Releasing SuperBench v0.8

· 2 min read
Peng Cheng
SuperBench Team

We are very happy to announce that SuperBench 0.8.0 version is officially released today!

You can install and try superbench by following Getting Started Tutorial.

SuperBench 0.8.0 Release Notes#

SuperBench Improvements#

  • Support SuperBench Executor running on Windows.
  • Remove fixed rccl version in rocm5.1.x docker file.
  • Upgrade networkx version to fix installation compatibility issue.
  • Pin setuptools version to v65.7.0.
  • Limit ansible_runner version for Python 3.6.
  • Support cgroup V2 when read system metrics in monitor.
  • Fix analyzer bug in Python 3.8 due to pandas api change.
  • Collect real-time GPU power in monitor.
  • Remove unreachable condition when write host list in mpi mode.
  • Upgrade Docker image with cuda12.1, nccl 2.17.1-1, hpcx v2.14, and mlc 3.10.
  • Fix wrong unit of cpu-memory-bw-latency in document.

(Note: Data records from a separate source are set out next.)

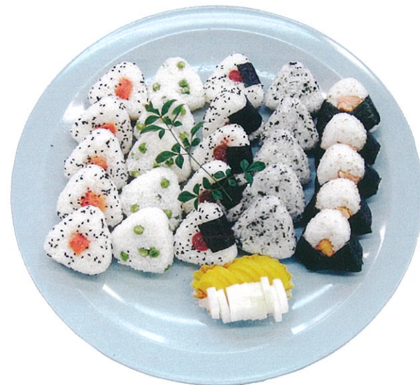
(28) おむすび (1個) 125円
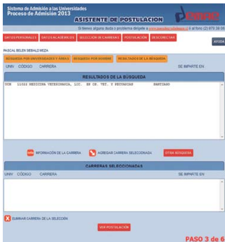
Figura N° 12

A continuación, se desplegarán bajo el título RESULTADOS DE LA BÚSQUEDA , todas las carreras pertenecientes a la/s Universidad/es y Área/s seleccionadas (Figura N° 12). Estas aparecerán ordenadas por código. Para recorrer todas las carreras, puedes bajar y subir con la barra de desplazamiento vertical.
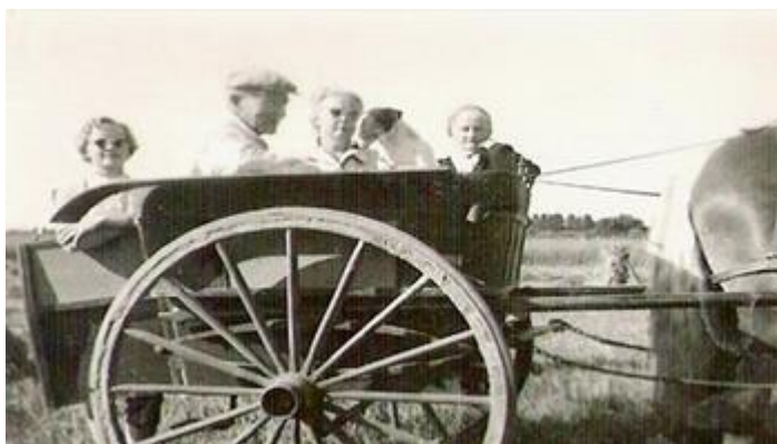
4 På vej til høstfolkene i jumbe med mad og drikke ca.1953.

I sommerferien hjalp jeg til hjemme med alt forefaldende, bl.a. bærplukning og i køkkenet, når pigerne på skift havde ferie, ja det havde man også dengang, selvom det slet ikke var så organiseret som nu. Vi havde mange feriegæster i sommerens løb. Mine forældre var meget gæstfri og i den periode vi var på Grønvang,
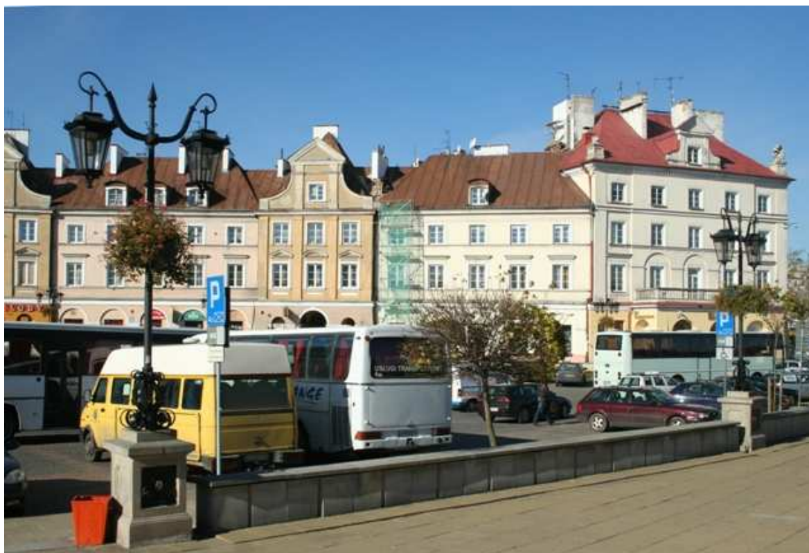
Szeroka 20, fot. Marcin Fedorowicz, 2010.
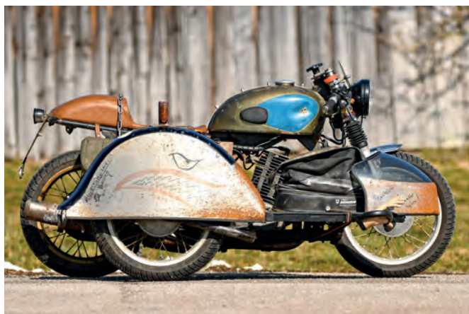
70 | Kein Gespann ist perfekt MZ Eigenbau
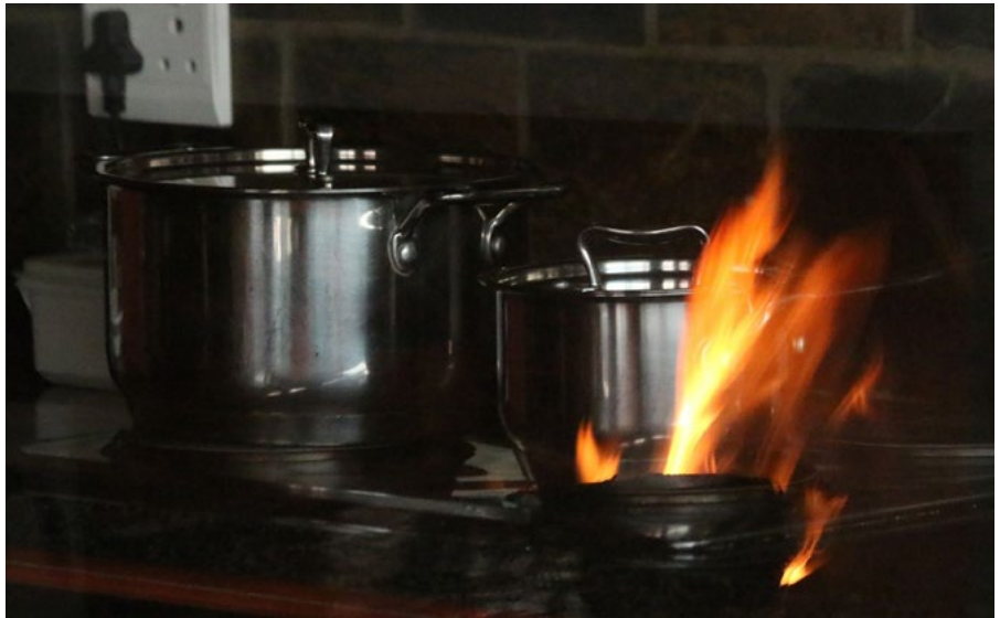
Die stoof brand!

Ook was die aanvanklike idee nie om jou, die kyker, met enige van hierdie foto's te kul nie.
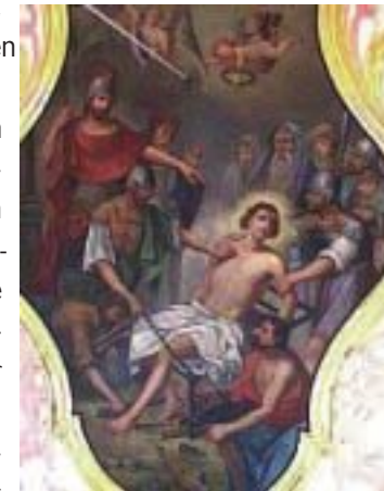
Petershausen, St. Laurentius. Deckengemälde mit dem Hl. Laurentius

Im Innenraum finden wir einen flach gedeckten Saalbau mit eingezogenem, ebenfalls flach gedecktem Chor, vor, jeweils mit Hohlkehle profiliert. Ungewöhnlich ist der reiche Stuck, meist Neurokoko, von Leander Weipert, München 1890, der wahrscheinlich an den Altbestand im Chor aus der Frührokokozeit angepasst wurde. Im Chor stellt das Deckengemälde das Martyrium des Kirchenpatrons dar, entstanden wohl
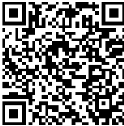
QR kód pro příspěvek na obnovu zvonice

la designu a řemesel Kladno provádí jejich odbornou renovaci a současně podle nich vyrábí kopii.
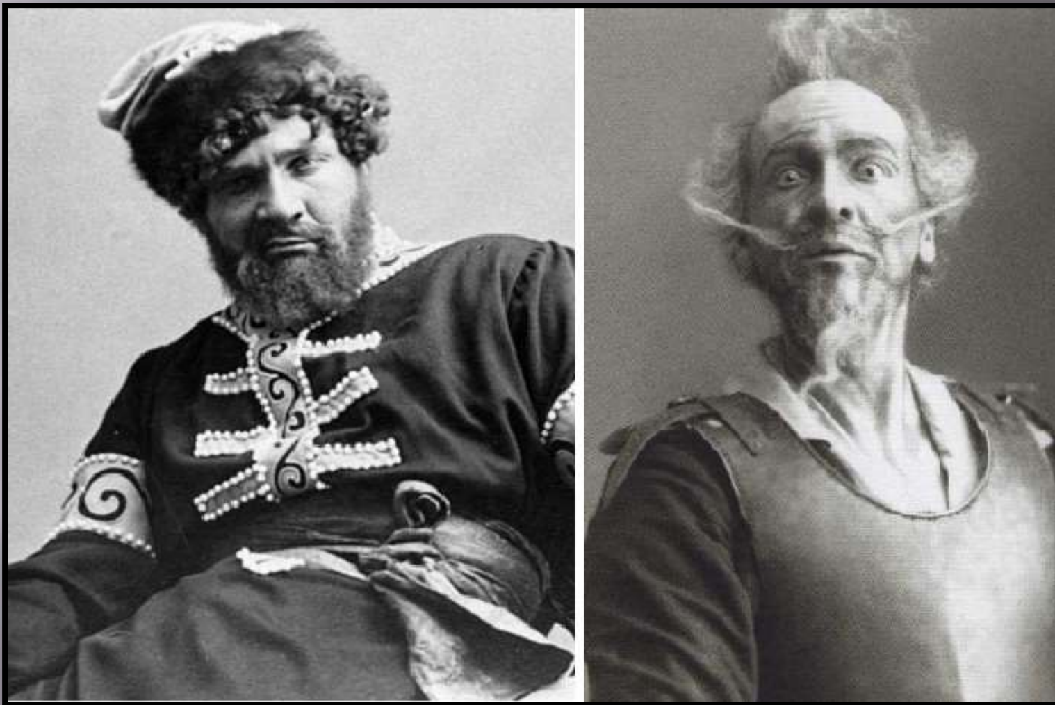
Сценические образы Фёдора Шаляпина.
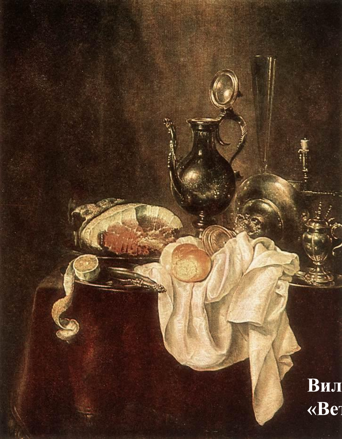
Виллем Хеда «Ветчина и серебряная посуда»
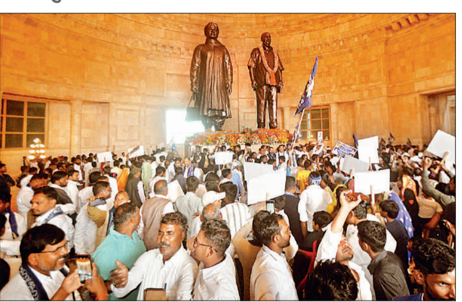
लखनऊ : मान्यवर श्री कांशीराम जी स्मारक स्थल पर श्रद्धांजलि देने भारी संख्या में पहुंचे बसपा कार्यकर्ता।

बसपा प्रमुख ने रविवार को पार्टी संस्थापक कांशीराम की जयंती पर उन्हें श्रद्धांजलि दी। साथ ही कहा, कांशीराम ने बीआर आंबेडकर की विचारधारा और आंदोलन को पूरे देश में आगे बढ़ाने के लिए अपना पूरा जीवन समर्पित किया। पार्टी की ओर से मायावती के जारी बयान में कहा गया कि कांशीराम के “सामाजिक परिवर्तन और आर्थिक मुक्ति” के आंदोलन को मजबूत बनाने और चुनावी सफलता हासिल करने का संकल्प लिया गया है। साथ ही दावा किया कि बहुजन समाज के हितों के लिए वही “असली पार्टी और आंदोलन” है। पार्टी ने आपण लगाया कि समाजवादी पार्टी समेत अन्य विरोधी दलों की कथनी और करनी में अंतर है, जिससे बहुजन समाज की एकता और सत्ता प्राप्ति के मिशन को नुकसान होता है।
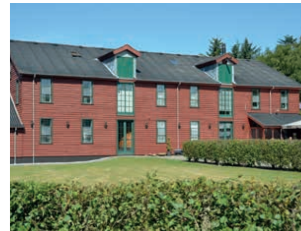
Det gamle molerværk - i dag Fur Bryghus 3

I 1926 begyndte den første brydning af moleret. Moleret blev udgravet med håndkraft og kørt med små tipvognstog til bearbejdning på molerværket 3 og videre til skibe fra en høj udskibningsbro på sydkysten. I dag graves og forarbejdes hovedparten af moleret på øen af de to molerindustrier. Moler anvendes til bl.a. varmemefaste sten i ovne samt isolering, og de absorberende evner udnyttes til så forskellige formål som dynamitstænger og kattegrus.
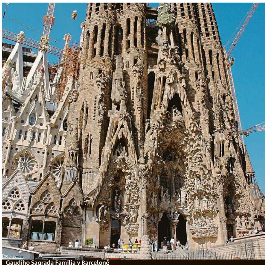
Gaudího Sagrada Família v Barceloně
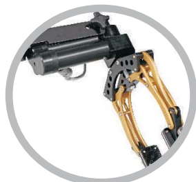
可更换手爪触点，抓取更准确稳定
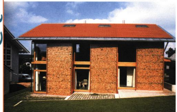
ARCH : GASSNER & ZARCKY - DR

▲ Cette maison de 141 m 2 sur 6,34 ares tire parti de la faible pente et de l'orientation d'un terrain banal en lotissement
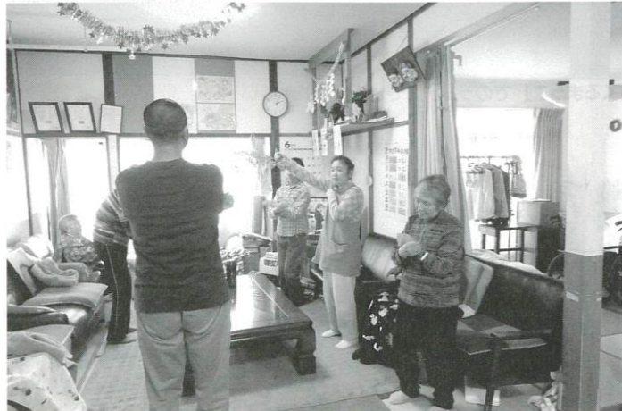
里・つむぎでの体操。障害の人も高齢者もまるごとの日常
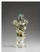
AnsRes.III,K, Ziervase "Erde", Inv.-Nr. AnsRes.K0717, DI012862, BSV-
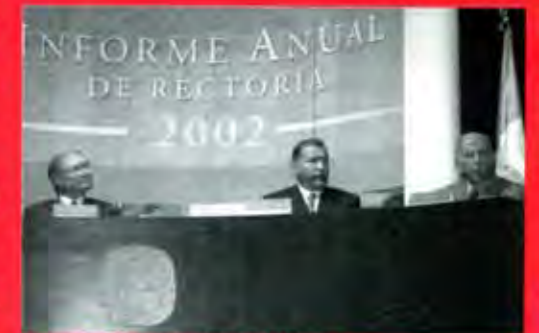
Finalmente, las cosas volvieron a la calma.
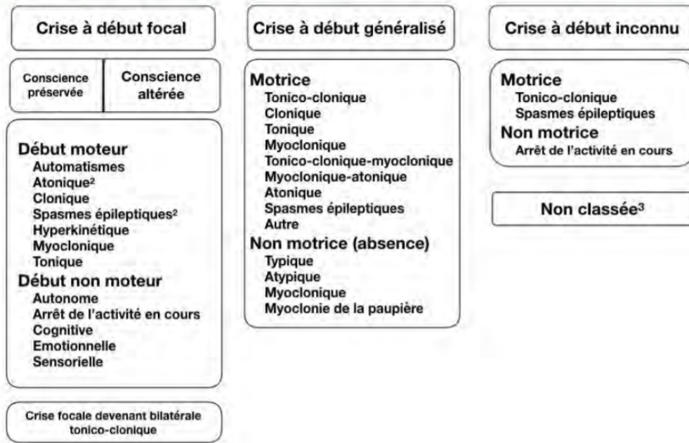
Figure n°1: classification des crises épileptiques (Scheffer I, Epilepsia 2017)
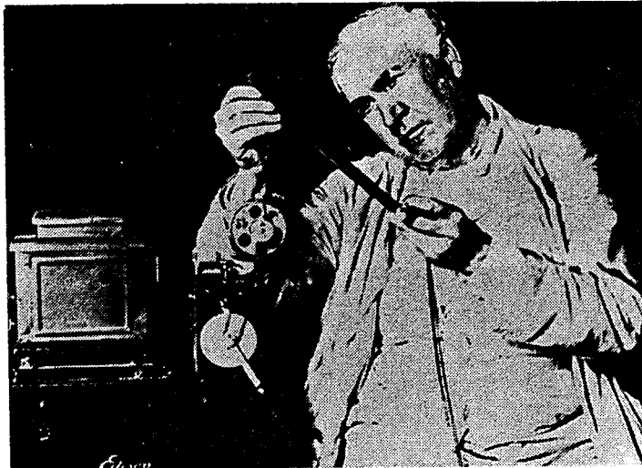
Thomas Alva Edison, taeniolam cinematographi- cam spectans
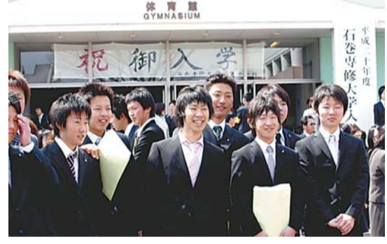
▲ 入学式を終えての記念撮影
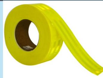
Cinta Reflectiva Vehicular Grado Diamante AMARILLA

Es un elemento esencial para la delimitación y señalización de zonas de riesgo en obras civiles, mantenimiento industrial, construcción, seguridad vial y servicios municipales.
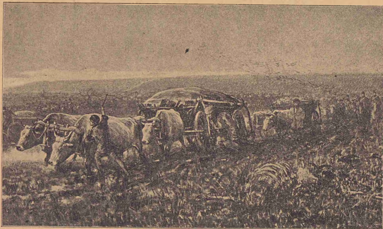
Pe drumul Plevnei: Un convoi de munițiuni.
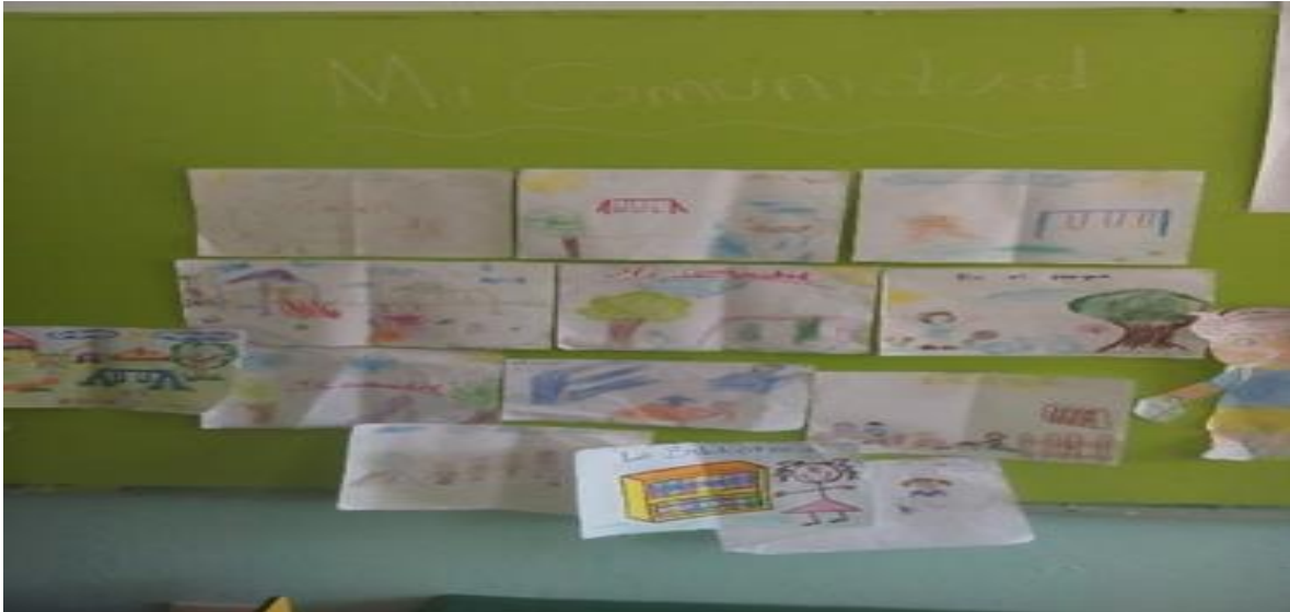
Mural de investigaciones de la comunidad.
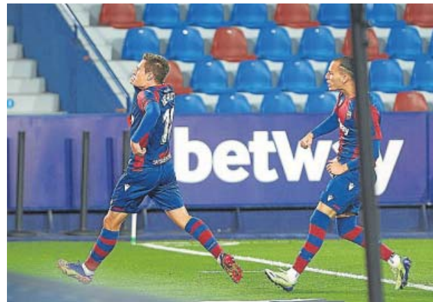
Los jugadores del Levante celebran un gol a la Real.

Al cuadro valenciano le faltó eficacia a raudales en las dos áreas. Desde el banquillo, Paco López usó sistemas distintos y puso sobre el campo a
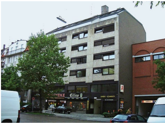
Bild 3. Sanierung eines Wohn- und Geschäftshauses in der Donnersbergerstraße in der Münchner Innenstadt – Zustand vor Beginn der Bauarbeiten
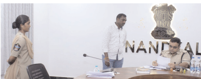
తన సమస్యలను జిల్లా ఎస్పీకి విన్నవించుకుంటున్న మహిళా కానిస్టేబుల్
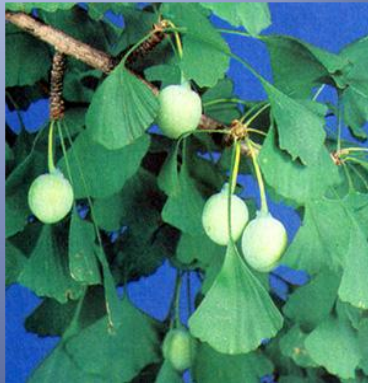
Рисунок 4.3.4.2. Ветка гинкго.

Гинкго двулопастный – это двудомное дерево высотой 30–40 м и толщиной до 1 м с раскидистой кроной. Веерообразные листья напоминают по форме папоротник , и имеют своеобразный, архаичный тип жилкования – дихотомическое (каждая жилка ветвится на две, которые в свою очередь также ветвятся на две и т.д.). Оранжево-жёлтые семена имеют мясистую кожуру с неприятным запахом; их длина – 2–3 см. Внутреннее маслянистое сладкое ядро употребляется китайцами в пищу.
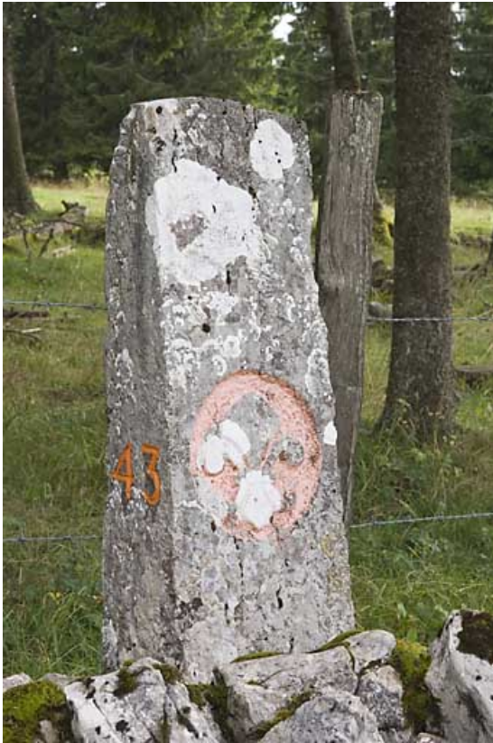
Borne n° 43 : fleur de lys côté France. 25, Jougne
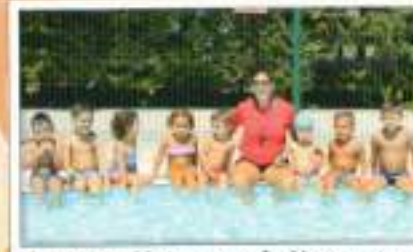
Agosto niños con adultos (mañana)
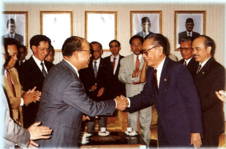
เยี่ยมคารวะประธานรัฐสภา สาธารณรัฐอินโดนีเซีย

เดินทางไปเยือนและศึกษาดูงาน ณ สาธารณรัฐ อินโดนีเซีย ระหว่างวันที่ 25-29 มกราคม 2537
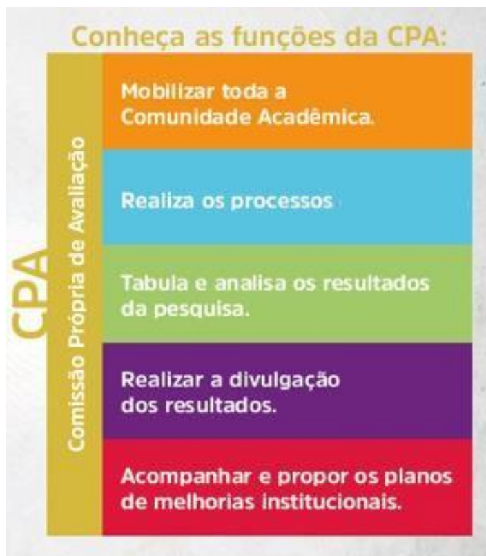
Figura 3 – Funções CPA
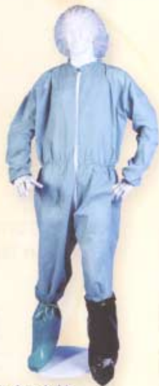
Vestuario desechable para entrada en granjas.
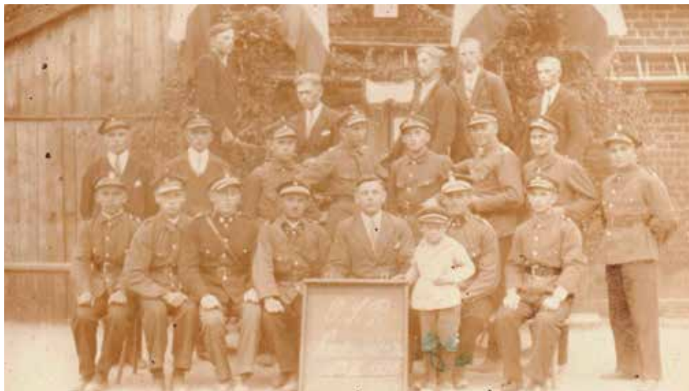
OSP Nowawieś Książęca. Rok 1934

Pierwszy tekst [z 1823 r. o zakupie sikawki przez dobra Trębaczów, Nowawieś Książęca, Zbyszyna „i tamtejsze gminy wiejskie” – przyp. JK] jest bardzo ciekawy i moim skromnym zdaniem nadaje się, aby Zarząd Wojewódzki o tym pomyślał, niemniej jednak sama wzmianka o zakupieniu sikawki może jeszcze nie stanowić dowodu co do istnienia straży. Istotne może być w tym przypadku również pochodzenie tekstu, tzn. czy to na przykład dokument, kronika, artykuł i gdzie on teraz się znajduje, gdzie Pan go odnalazł. Wiem, że są jednostki, które na podstawie tabliczki znamionowej znajdującej się na sikawce konnej takie daty zmieniały.
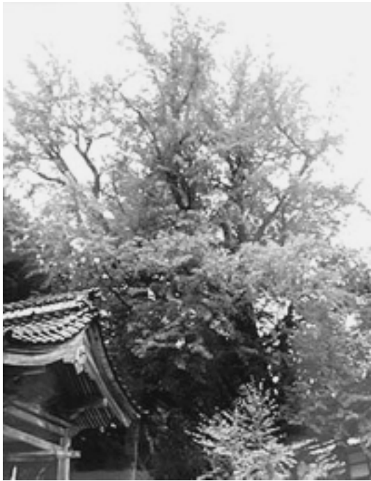
しろいだに 「白井谷のイチョウ」

樹幹周囲4.7m、樹高18mで樹齢約400年に及び、イチョウの実は約360 に及びます。葉は初雪で全て落葉するので、尊光寺のイチョウの葉が散ると根雪になるといわれ、収穫や冬支度を早める目安となっています。
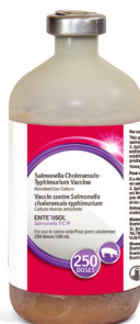
Enterisol Salmonella T/C®

Vaccinez contre Salmonella Typhimurium et Salmonella Choleraesuis avec le produit suivant:
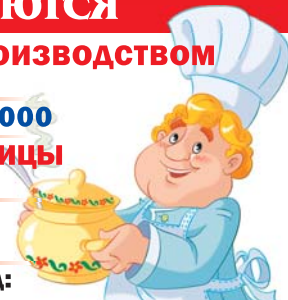
График работы 5/2.

Micro-benchmark Improvements#

  • Add STREAM benchmark for sustainable memory bandwidth and the corresponding computation rate.
  • Add HPL Benchmark for HPC Linpack Benchmark.
  • Support flexible warmup and non-random data initialization in cublas-benchmark.
  • Support error tolerance in micro-benchmark for CuDNN function.
  • Add distributed inference benchmark.
  • Support tensor core precisions (e.g., FP8) and batch/shape range in cublaslt gemm.

Model Benchmark Improvements#

  • Fix torch.dist init issue with multiple models.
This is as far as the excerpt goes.